The firm’s total real estate loan portfolio has shrunk over the past several years. The company reported nearly $3.1 billion in real estate loans at the end of 2022, compared with $6.3 billion at the end of 2019, according to the San Antonio Express-News.
USAA is supporting affected employees with a paid transition period and career workshops, Russell said. The firm is also encouraging eligible employees to apply for other open roles at the company, he said.
USAA’s latest round of home-lending cuts follows an industry trend, as rising interest rates continue to hamper consumer demand for mortgages and refinancing, forcing lenders to contract operations in the space.
Wells Fargo last month unveiled plans to streamline its mortgage business to focus on existing customers and nonwhite communities. The bank has initiated several rounds of layoffs since April.
JPMorgan Chase and Citi launched job cuts of their own last year.
New York Community Bank, which acquired Flagstar Bank in December, announced Tuesday it is closing 69% of that bank’s retail home-lending offices and shifting to a branch-only model for that sector.

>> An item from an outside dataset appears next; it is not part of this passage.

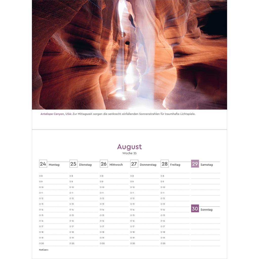 Wochenkalender mit faszinierenden Fotomotiven und einem praktischen Terminplaner

The move follows reports by HousingWire and the Detroit Free Press that hundreds of Flagstar’s mortgage employees were let go with “no warning” last week.
Not all lenders, however, have decided to pull back from the space.
In a move that bucks convention, USAA’s San Antonio-based neighbor, Frost Bank, is relaunching its mortgage unit this year, after exiting the sector more than 20 years ago.
As part of a soft launch, the $52.9 billion-asset bank is offering residential mortgages to Frost employees. The bank plans to offer home loans more broadly to current and new Frost customers this year, Blair McGrain, the bank’s chief marketing officer, told Banking Dive last month.
Frost’s return to mortgage lending comes as the bank carries out an aggressive expansion plan in several major Texas cities.
“Frost is not your little sleepy community bank anymore,” McGrain said. “We’re getting really big, we’re expanding like crazy throughout Texas. And [mortgage] is something we need and want to offer.”